◆ What you are asked to do:
Your reply should hold every entry below exactly as written and none of the pictures.

◆ The input:
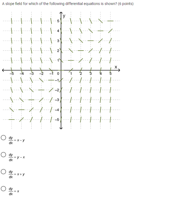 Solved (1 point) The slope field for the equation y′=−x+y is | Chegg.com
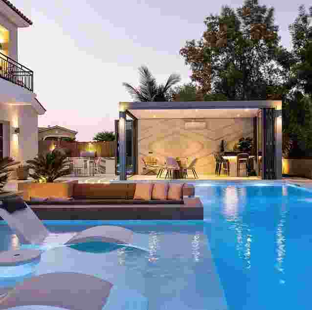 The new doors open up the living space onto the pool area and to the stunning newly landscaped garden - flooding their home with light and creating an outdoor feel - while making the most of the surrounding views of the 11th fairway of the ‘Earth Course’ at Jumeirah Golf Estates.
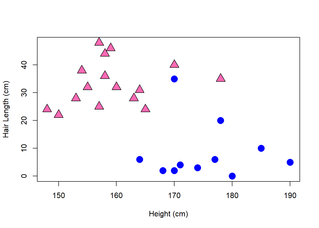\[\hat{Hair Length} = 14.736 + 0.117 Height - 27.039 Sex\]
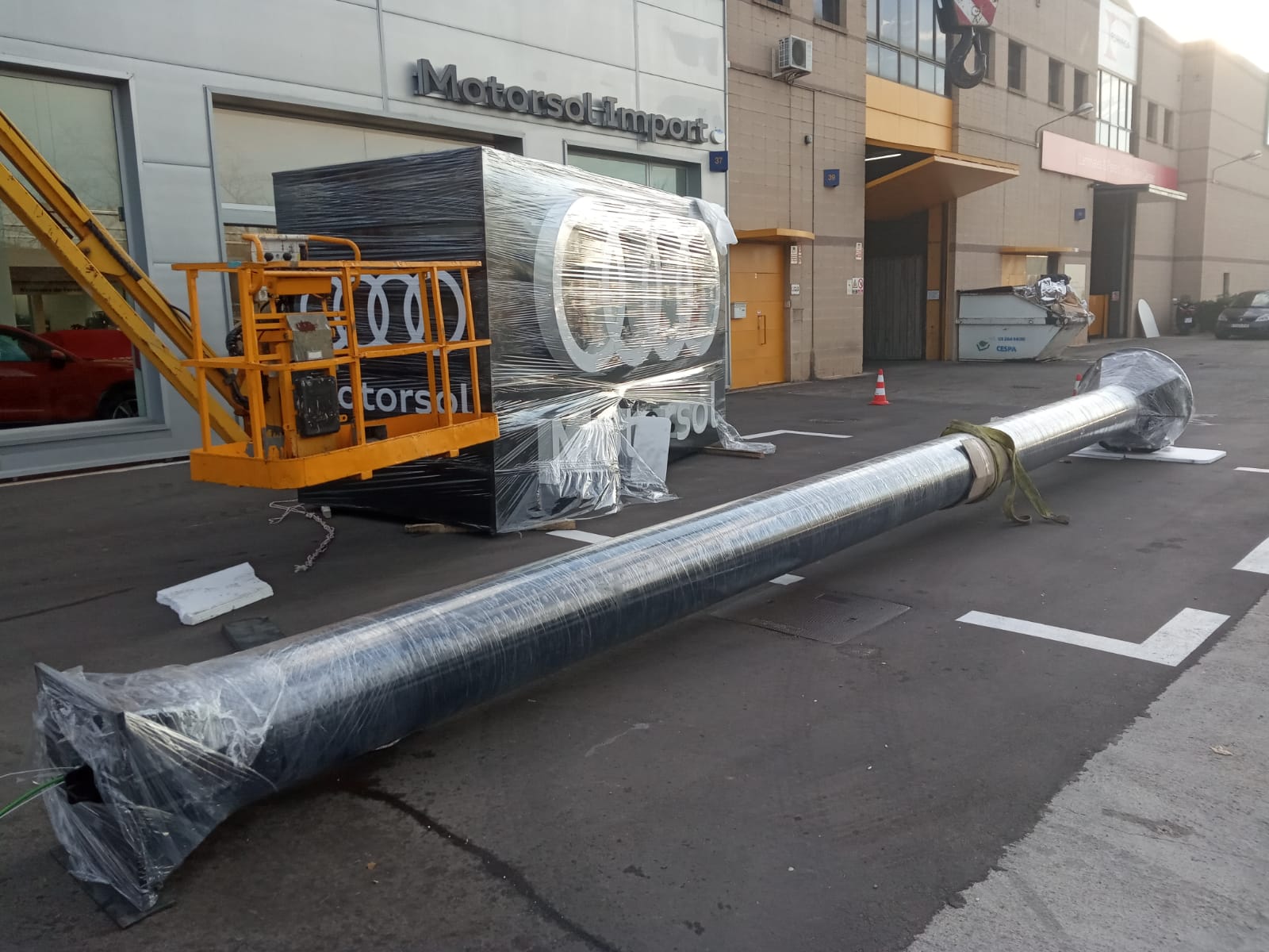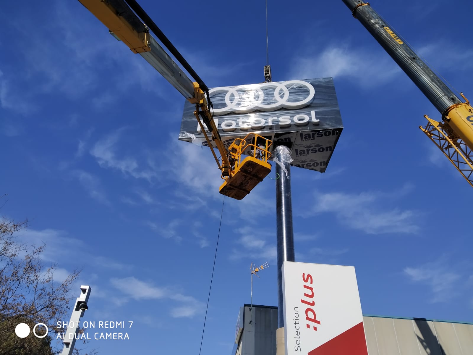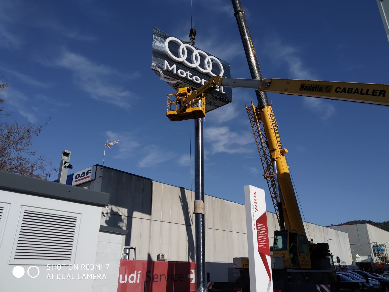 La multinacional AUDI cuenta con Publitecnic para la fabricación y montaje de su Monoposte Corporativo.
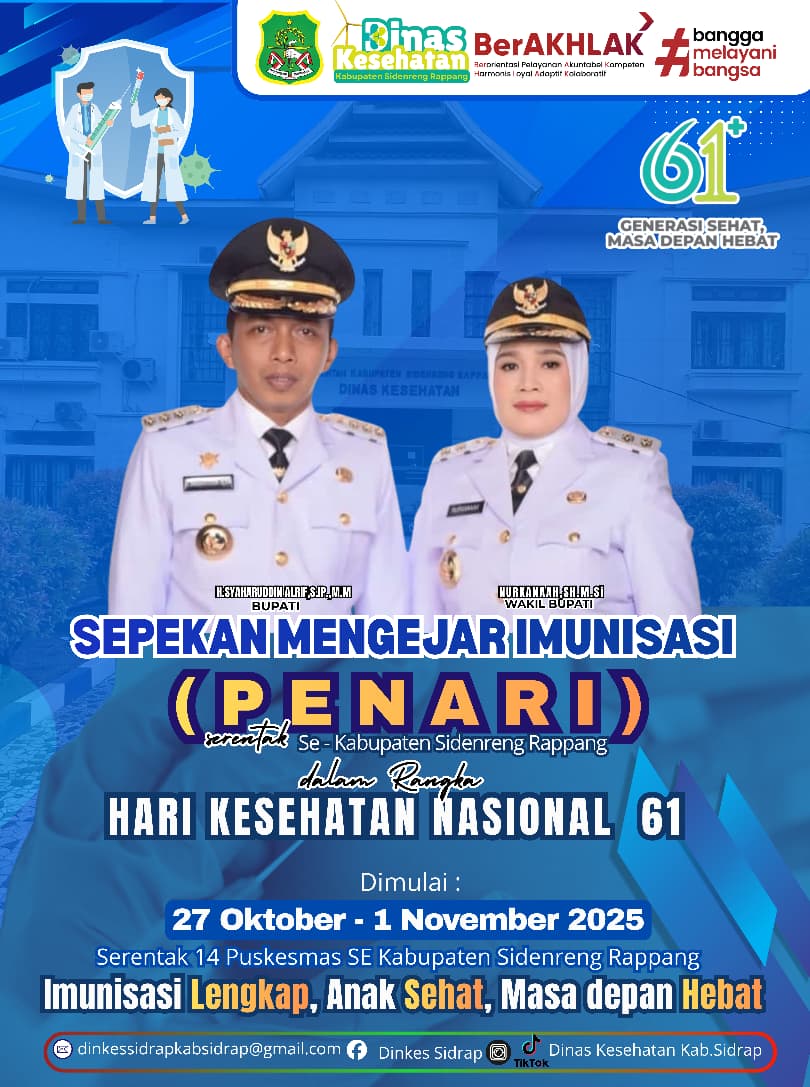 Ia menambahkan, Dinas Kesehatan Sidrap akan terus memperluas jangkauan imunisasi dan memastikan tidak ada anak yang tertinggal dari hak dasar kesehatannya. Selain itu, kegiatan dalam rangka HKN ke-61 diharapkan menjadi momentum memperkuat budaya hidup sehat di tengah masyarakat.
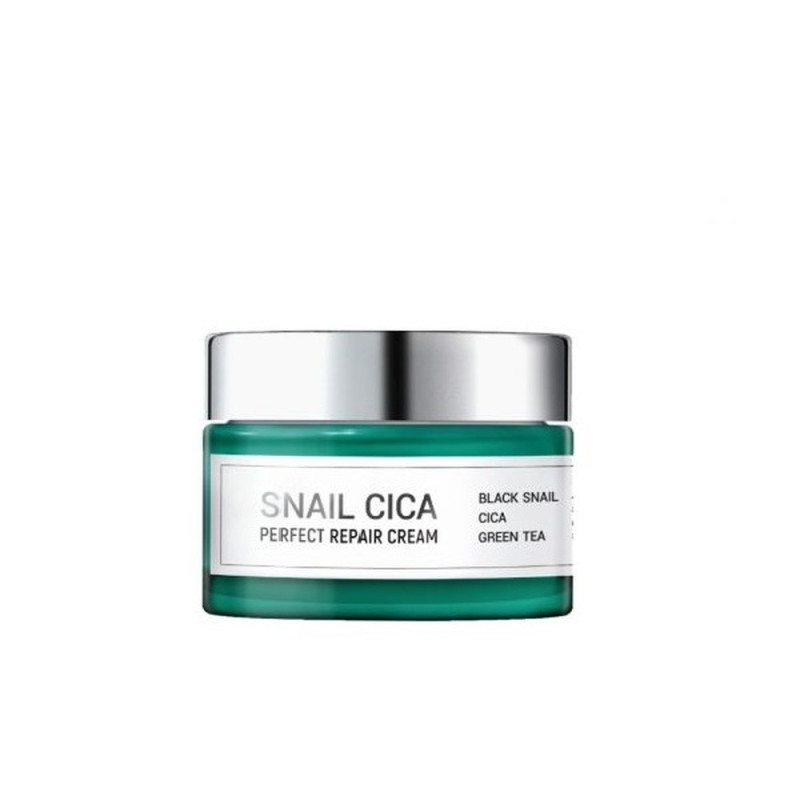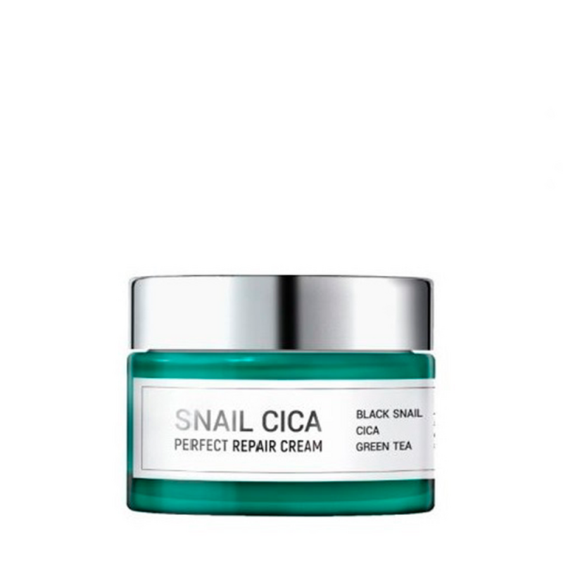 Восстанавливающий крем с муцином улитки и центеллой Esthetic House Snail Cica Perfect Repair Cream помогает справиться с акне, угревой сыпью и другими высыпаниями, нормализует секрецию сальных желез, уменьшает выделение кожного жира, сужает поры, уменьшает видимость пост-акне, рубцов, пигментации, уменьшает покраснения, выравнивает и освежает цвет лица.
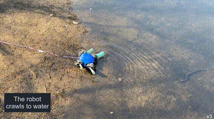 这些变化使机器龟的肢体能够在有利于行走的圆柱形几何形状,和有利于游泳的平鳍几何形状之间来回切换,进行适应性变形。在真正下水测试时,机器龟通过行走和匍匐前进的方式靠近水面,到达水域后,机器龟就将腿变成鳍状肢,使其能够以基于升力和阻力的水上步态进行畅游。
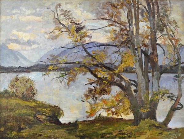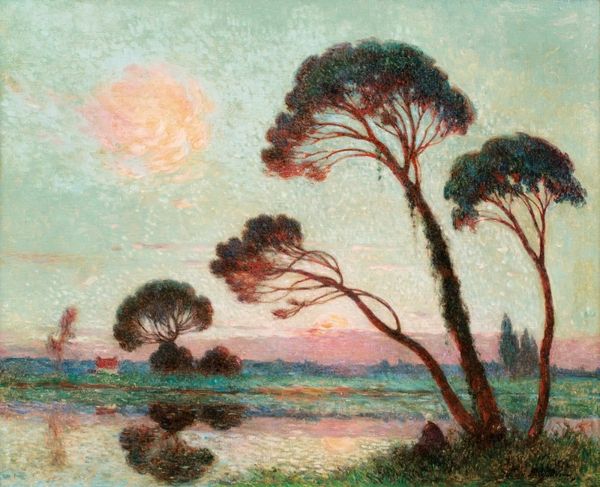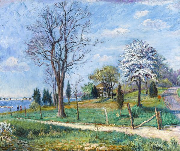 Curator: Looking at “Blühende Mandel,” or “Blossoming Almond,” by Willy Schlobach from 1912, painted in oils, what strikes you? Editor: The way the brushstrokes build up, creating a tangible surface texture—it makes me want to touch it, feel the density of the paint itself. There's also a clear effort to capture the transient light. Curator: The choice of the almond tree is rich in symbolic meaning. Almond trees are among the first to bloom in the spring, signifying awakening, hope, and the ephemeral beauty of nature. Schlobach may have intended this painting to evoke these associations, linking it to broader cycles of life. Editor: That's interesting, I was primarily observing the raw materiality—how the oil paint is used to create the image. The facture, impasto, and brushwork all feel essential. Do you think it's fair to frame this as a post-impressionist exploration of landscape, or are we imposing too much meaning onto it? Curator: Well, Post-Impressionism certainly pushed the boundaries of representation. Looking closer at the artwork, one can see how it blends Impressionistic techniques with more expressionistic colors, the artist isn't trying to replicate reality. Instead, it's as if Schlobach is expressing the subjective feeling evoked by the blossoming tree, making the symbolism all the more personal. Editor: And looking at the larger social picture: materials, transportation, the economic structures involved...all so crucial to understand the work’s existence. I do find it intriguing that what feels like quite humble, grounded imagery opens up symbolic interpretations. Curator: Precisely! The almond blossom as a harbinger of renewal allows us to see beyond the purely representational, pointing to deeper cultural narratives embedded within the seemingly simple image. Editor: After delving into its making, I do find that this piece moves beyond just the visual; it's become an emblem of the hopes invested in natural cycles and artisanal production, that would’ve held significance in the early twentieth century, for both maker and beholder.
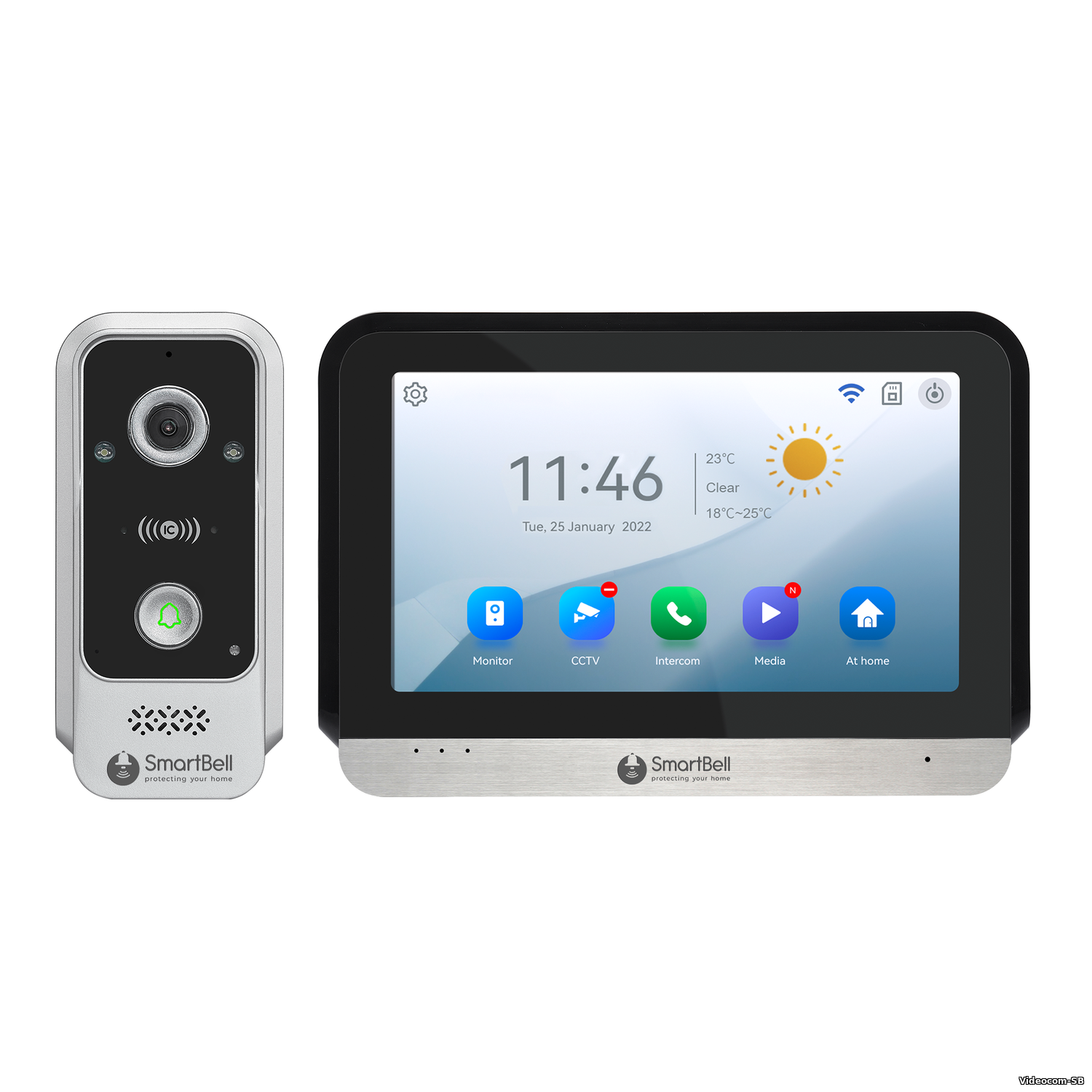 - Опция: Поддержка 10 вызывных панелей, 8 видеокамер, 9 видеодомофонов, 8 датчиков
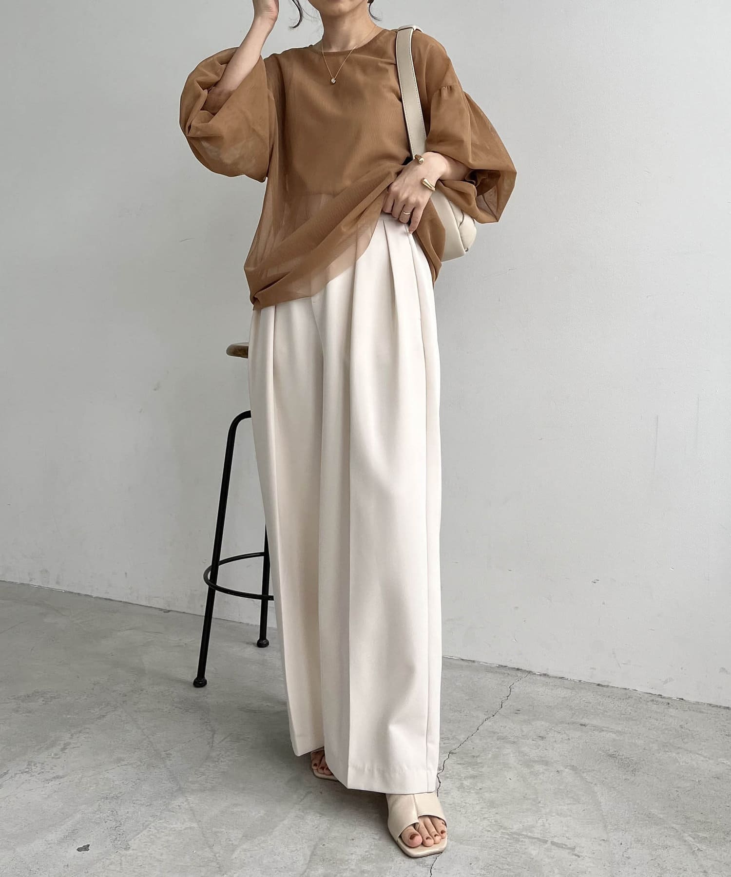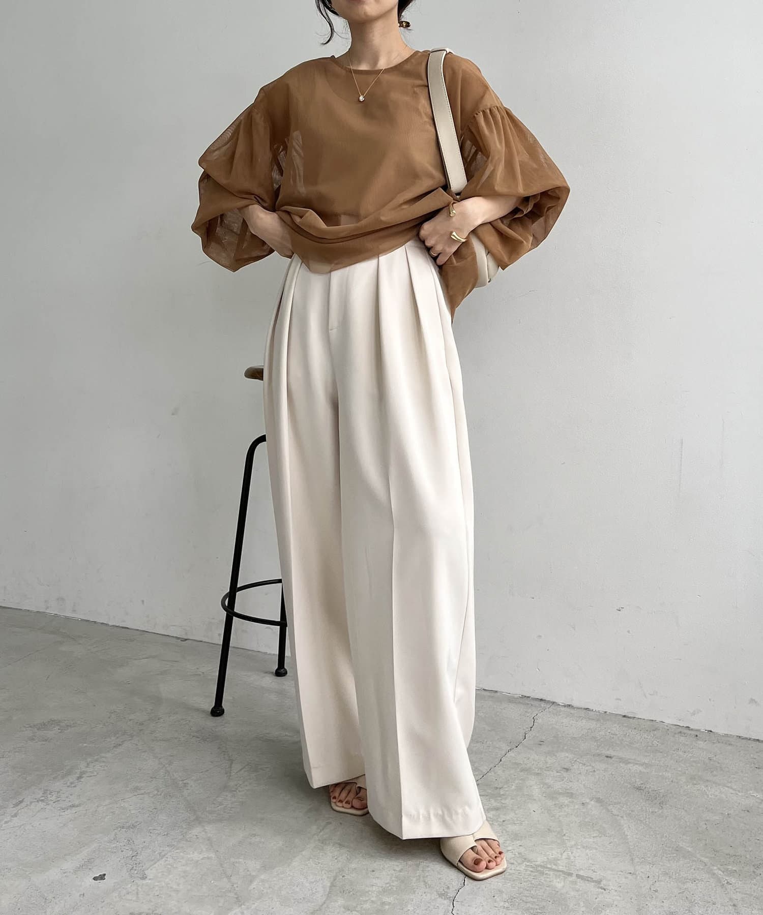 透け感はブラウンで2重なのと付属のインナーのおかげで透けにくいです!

◆ Exercise result:
 Solved (1 point) The slope field for the equation y′=−x+y is | Chegg.com
 The new doors open up the living space onto the pool area and to the stunning newly landscaped garden - flooding their home with light and creating an outdoor feel - while making the most of the surrounding views of the 11th fairway of the ‘Earth Course’ at Jumeirah Golf Estates.
\[\hat{Hair Length} = 14.736 + 0.117 Height - 27.039 Sex\]
 La multinacional AUDI cuenta con Publitecnic para la fabricación y montaje de su Monoposte Corporativo.
 Ia menambahkan, Dinas Kesehatan Sidrap akan terus memperluas jangkauan imunisasi dan memastikan tidak ada anak yang tertinggal dari hak dasar kesehatannya. Selain itu, kegiatan dalam rangka HKN ke-61 diharapkan menjadi momentum memperkuat budaya hidup sehat di tengah masyarakat.
 Восстанавливающий крем с муцином улитки и центеллой Esthetic House Snail Cica Perfect Repair Cream помогает справиться с акне, угревой сыпью и другими высыпаниями, нормализует секрецию сальных желез, уменьшает выделение кожного жира, сужает поры, уменьшает видимость пост-акне, рубцов, пигментации, уменьшает покраснения, выравнивает и освежает цвет лица.
 这些变化使机器龟的肢体能够在有利于行走的圆柱形几何形状,和有利于游泳的平鳍几何形状之间来回切换,进行适应性变形。在真正下水测试时,机器龟通过行走和匍匐前进的方式靠近水面,到达水域后,机器龟就将腿变成鳍状肢,使其能够以基于升力和阻力的水上步态进行畅游。
 Curator: Looking at “Blühende Mandel,” or “Blossoming Almond,” by Willy Schlobach from 1912, painted in oils, what strikes you? Editor: The way the brushstrokes build up, creating a tangible surface texture—it makes me want to touch it, feel the density of the paint itself. There's also a clear effort to capture the transient light. Curator: The choice of the almond tree is rich in symbolic meaning. Almond trees are among the first to bloom in the spring, signifying awakening, hope, and the ephemeral beauty of nature. Schlobach may have intended this painting to evoke these associations, linking it to broader cycles of life. Editor: That's interesting, I was primarily observing the raw materiality—how the oil paint is used to create the image. The facture, impasto, and brushwork all feel essential. Do you think it's fair to frame this as a post-impressionist exploration of landscape, or are we imposing too much meaning onto it? Curator: Well, Post-Impressionism certainly pushed the boundaries of representation. Looking closer at the artwork, one can see how it blends Impressionistic techniques with more expressionistic colors, the artist isn't trying to replicate reality. Instead, it's as if Schlobach is expressing the subjective feeling evoked by the blossoming tree, making the symbolism all the more personal. Editor: And looking at the larger social picture: materials, transportation, the economic structures involved...all so crucial to understand the work’s existence. I do find it intriguing that what feels like quite humble, grounded imagery opens up symbolic interpretations. Curator: Precisely! The almond blossom as a harbinger of renewal allows us to see beyond the purely representational, pointing to deeper cultural narratives embedded within the seemingly simple image. Editor: After delving into its making, I do find that this piece moves beyond just the visual; it's become an emblem of the hopes invested in natural cycles and artisanal production, that would’ve held significance in the early twentieth century, for both maker and beholder.
 - Опция: Поддержка 10 вызывных панелей, 8 видеокамер, 9 видеодомофонов, 8 датчиков
 透け感はブラウンで2重なのと付属のインナーのおかげで透けにくいです!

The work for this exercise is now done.